The Staggs decision upon which the majority relies, State v. Staggs, 27 Kan. App. 2d 865, 9 P.3d 601, rev. denied ____ Kan. ____ (2000), is readily distinguishable on the facts and on the law.
Staggs dealt with one act only: a fight, which happened to include both a punch and a kick. As now Chief Judge Rulon observed for the unanimous panel in that opinion, the punch and the kick within seconds of each other in the same fight between the same individuals could not have been charged separately without being vulnerable to an attack for multiplicity. Staggs, 27 Kan. App. 2d at 867. In other words, the punch and the kick were not multiple acts at all.
In contrast, here we have a situation where at least two physical acts are far more factually separate and far less uniformly described. Depending on which victim's testimony is believed, there were either two touchings per girl in two different places separated by at least several minutes or one touching per girl, one in one place at one time and one in another place at least several minutes later. As Judge Elliott pointed out in Crutcher, 27 Kan. App. 2d at 676, until the legislature sees fit to convert sex crimes perpetrated on children into continuing course of conduct crimes, each touching could have supported a separate count. Compare State v. Long, 26 Kan. App. 2d 644, 650, 993 P. 2d 1237 (1999), rev. denied 268 Kan. 852 (2000) (multiple penetrations in various rooms over course of 1 to 2 hours can be charged as separate rapes; no multiplicity).
This case, again depending on which girl's version is believed, could have been charged in two counts or four counts. With no further guidance than they were given here, the members of the jury were free to cobble together their ultimate result from varying versions of the evidence. Confusion and lack of unanimity were genuine and practical hazards, not merely remote or purely academic risks.

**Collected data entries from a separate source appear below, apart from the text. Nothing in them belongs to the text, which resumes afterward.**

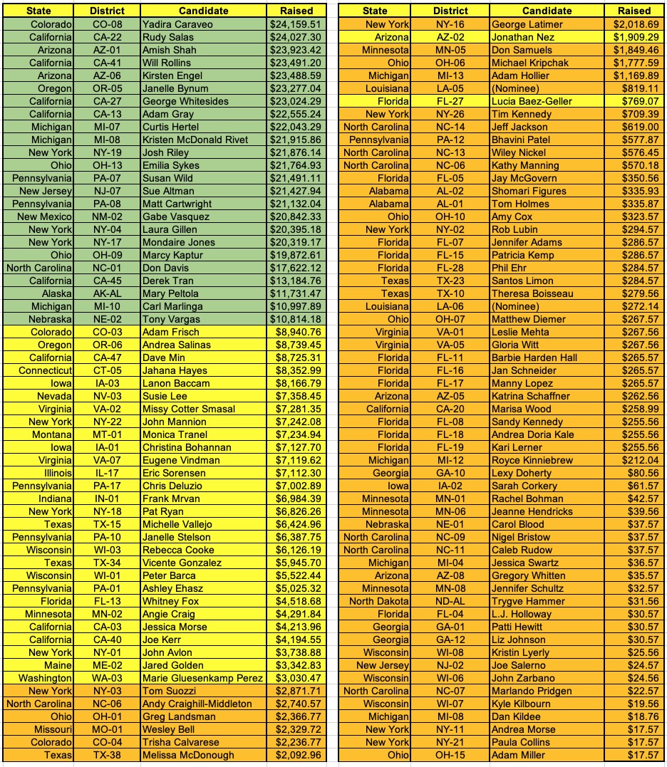 - My U.S. House fundraising is a different story: It's 2.7x higher than what I had raised at this point last cycle.
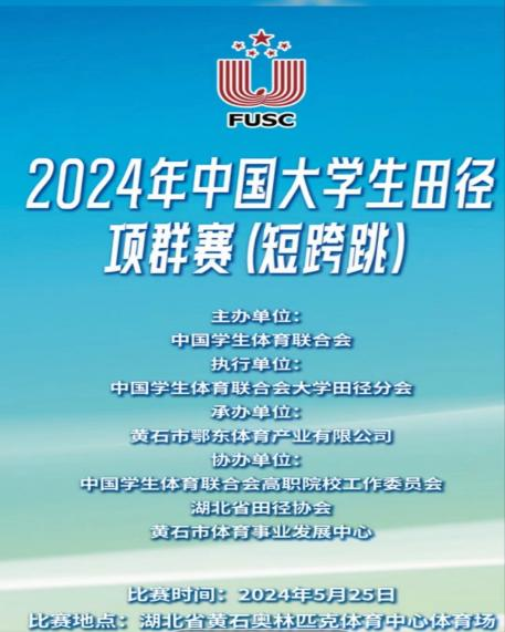 中国大学生田径项群赛(短跨跳)是面向全国高校大学生短跨跳类项目设四个组别的全国比赛。5月23日今年会教练员,运动员抵达湖北省黄石市。24日运动员们前往黄石市奥林匹克体育场进行赛前适应场地。5月25日比赛当天,男子丁组三级跳远获得银牌;男子丁组三级跳远获得铜牌;女子丙组200米铜牌;男子丁组200米第五名;女子丙组400米第六名。
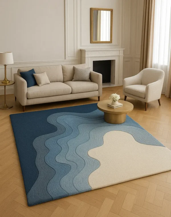 Hand Tufted Woolen Rug (Blue Waves) For Living & Drawing Room
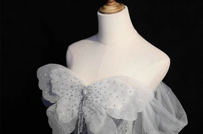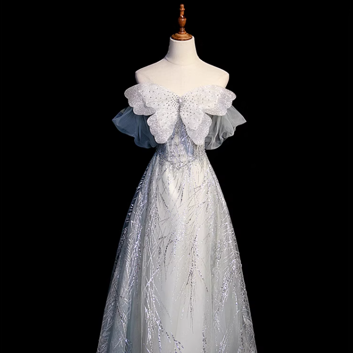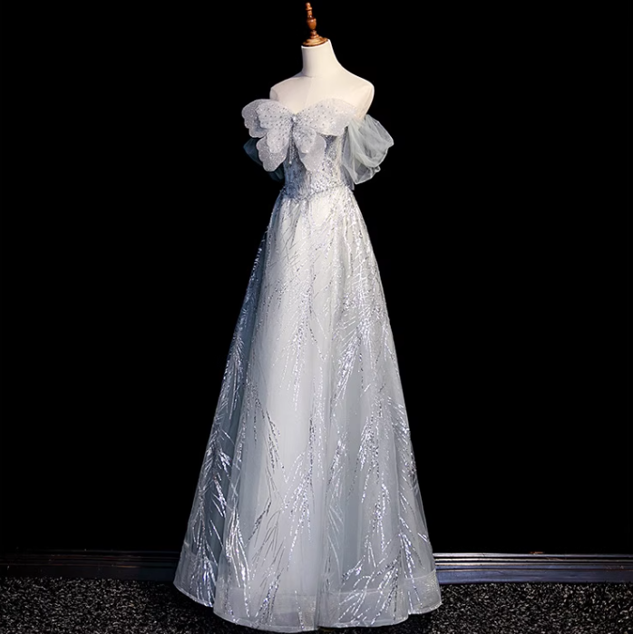 Silver Grey A-Line Tulle Sequin Long Prom Dress,Sweet Off-shoulder Evening Dress ED01473
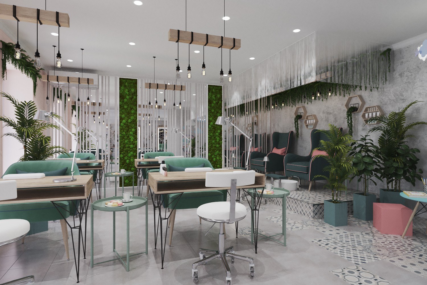 Интерьер маникюрного кабинета зеленые тона
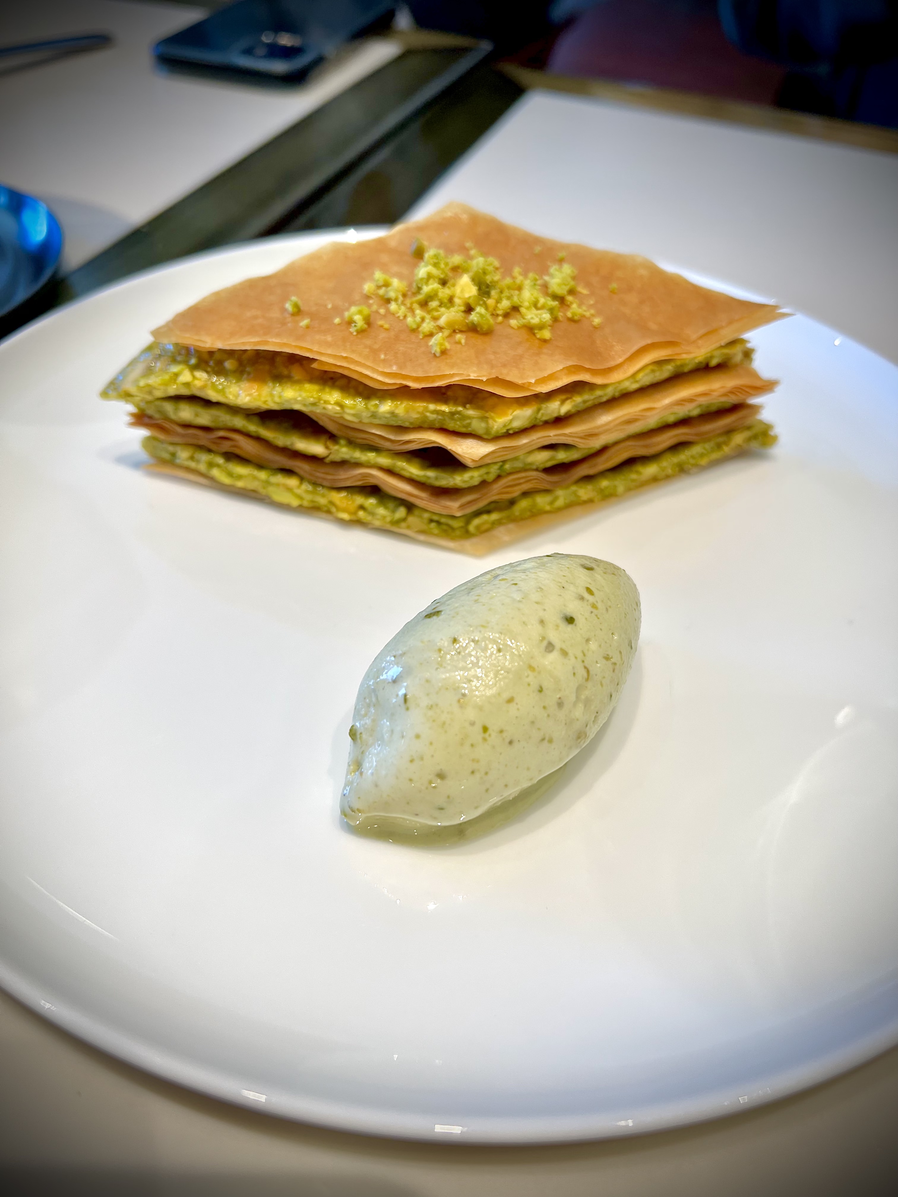 The sweets of the Helo are a balanced tribute without excess sugar to this much adored score. The Paris-Brest thus becomes Beirut Monte-Carlo with fresh date cream infused with black tea, the pistachio Baklava and its pistachio ice cream is airy and makes you crack with the truth of its flavor and the Nammoura Hamod is ideal freshness with its subtle Menton lemon semolina cake, lemon jam, lemon sorbet and candied lemons.
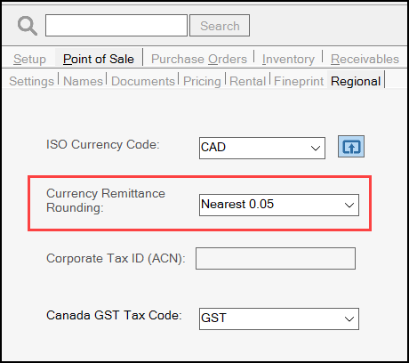 Parameters > Point of Sale > Regional > Currency Remittance Rounding Option

Barber and its progeny have it right: In order to convict when there is evidence of two or more incidents that could form the basis of a conviction, either the State must tell the jury which incident it is relying upon or the jury must receive a unanimity instruction. See Barber, 26 Kan. App. 2d at 331; P.I.K Crim. 3d 68.09-B ("In order for the defendant to be found guilty of [crime], you must unanimously agree upon the same underlaying act."); P.I.K Crim. 3d 68.09-B at Notes on Use ("This instruction is for use when distinct incidents separated by time or space are alleged by the State in a single count of the charging document. In other words, under circumstances where the State could have proceeded under multiple counts but chose not to do so.")
Because this is a multiple acts case in which there was neither an election or its functional equivalent, see State v. Fulton, ____ Kan. App. 2d ____, ____, ____ P.3d ____ (No. 84,044 filed April 13, 2001), nor a unanimity instruction, I would reverse Banks' conviction. As we said in Barber, it is impossible for us to conduct an objective analysis as to which act the jury relied upon to convict or for us to be confident the verdict was unanimous. 26 Kan. App. 2d at 331. In such a situation, a defendant's failure to request a unanimity instruction is irrelevant. There is structural error. For this reason, I dissent.